The Bad and the Beautiful is sometimes called a film noir but it's nothing of the sort — it's a romantic soap opera whose stylistic “darkness” is purely aesthetic and whose thematic “darkness” derives from simple perversity. A true film noir presents the image of a morally chaotic universe, a universe in which moral choices are either unclear or existentially useless — The Bad and the Beautiful glamorizes evil and asks us to love it.
The Bad and the Beautiful is the only film ever made about Hollywood which manages to capture its peculiar culture of perversity. Hollywood, in the classic studio era, was not about money. Given the fact that the major studios had a virtual monopoly over film distribution, money was a given. Movies were a rigged game. It wasn't about power, either — power was also a given, a consequence of all that money. And it wasn't about sex — money and power guaranteed sex, not only for the beautiful people who paraded their wares in front of a camera but for the nerdy little businessmen who organized the parade.
The coin of the realm in Hollywood was brutality and betrayal . The ability to hurt other people, especially one's friends and allies, with impunity was the one entitlement that signified genuine status in Hollywood. It was the only behavior that had a lasting and enduring glamor there.
The Bad and the Beautiful is about (and also part and parcel of) the sentimental myth created in Hollywood to lend a romantic flavor to the puerile exercise of brutality and betrayal — by insisting that it was all for art, for the good of the picture, for the good of the public. This myth was meant to disguise the fact that brutality and betrayal had an erotic charge in Hollywood, that it constituted a kind of moral pornography — that it existed for its own sake.
In a world of total material and sensual satiation, moral perversity was the only thing still capable of delivering a charge. It was the sort of charge that attaches to a child killing an insect or a small animal, to high school kids tormenting an outsider into suicidal despair, to the enslavement and torture and destruction of helpless people by governments.
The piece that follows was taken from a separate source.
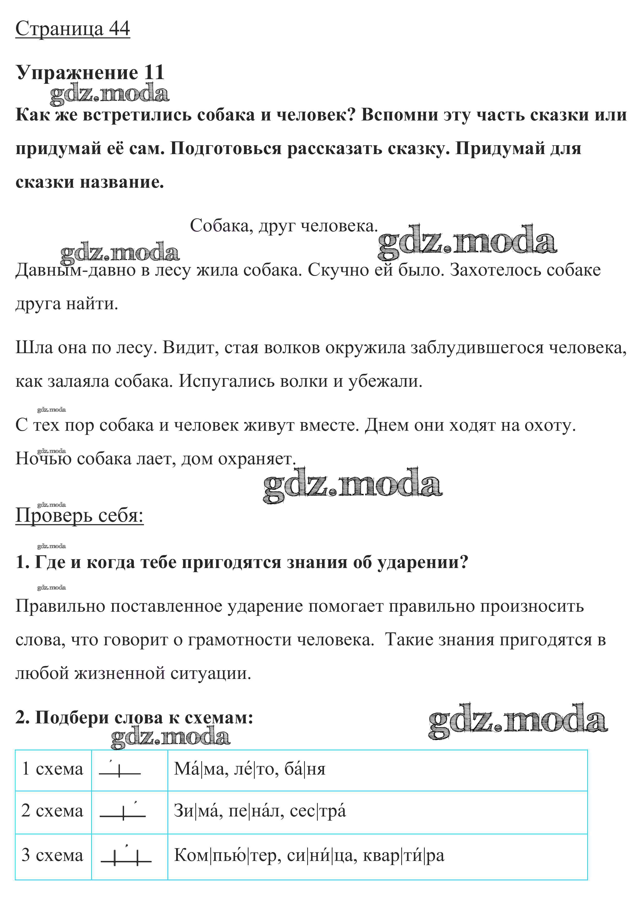 ОТВЕТ на задание № стр. 44 Учебник по Русскому языку 1 класс Канакина Школа России

Simone Weil wrote, “Brutality,
violence, and inhumanity have an immense prestige that schoolbooks hide
from children, that grown men do not admit, but that everyone bows
before.” This insight is the key to Hollywood's culture, and to The Bad and the Beautiful. For The Bad and the Beautiful is not about money, not about power, not about sex — not even about filmmaking or Hollywood per se. Its emotional climaxes, its juice, come from moments of lurid, glamorized, unrepentant brutality and betrayal.
One might say the same for most of Greek drama, of course, and much of Shakespeare. The difference is that The Bad and the Beautiful calls down no retribution from Olympus, from the inexorable workings of fate. In Sophocles as in Shakespeare, the frisson of moral perversity is part of the entertainment, but there is a price to be paid. In the perpetual adolescence of Hollywood, so brilliantly evoked in The Bad and the Beautiful, no price is exacted — except a kind of emptiness, that money and power and celebrity and Oscars can't fill up. There is that kind of emptiness at the heart of The Bad and the Beautiful, but it's not acknowledged. The film is a perfect paradigm of true spiritual despair — a despair that is unaware of itself.
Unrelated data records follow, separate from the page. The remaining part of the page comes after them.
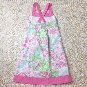 Lilly Pulitzer Girls 7 Years Giraffe Patchwork Green Pink Halter Midi Dress
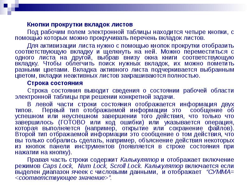 Ввод данных любого типа выполняется только в активной ячейке. Операция ввода данных в ячейку обязательно должна завершаться нажатием клавиши <Enter>, или одной из клавиш перемещения курсора.
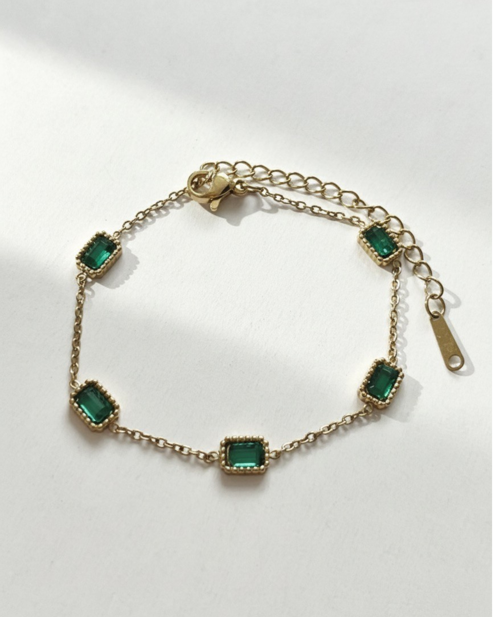 Pulsera confeccionada en acero inoxidable de alta calidad, adornada con piedras que emulan la elegancia de las esmeraldas. Un accesorio versátil que combina durabilidad con un acabado sofisticado, ideal para complementar tanto looks cotidianos como ocasiones especiales.

Well stated. Though I would only add that the despair at the heart of Minnelli's film did eventually arrive full-force, resulting in the disorientation and madness of 1962's 'Two Weeks in Another Town', which may be that rarest of things: A sequel in spirit, if not in fact.
That said . . . bravo!
Thanks, Tom! I'm dying to see “Two Weeks In Another Town” — infuriating that it's not yet on DVD.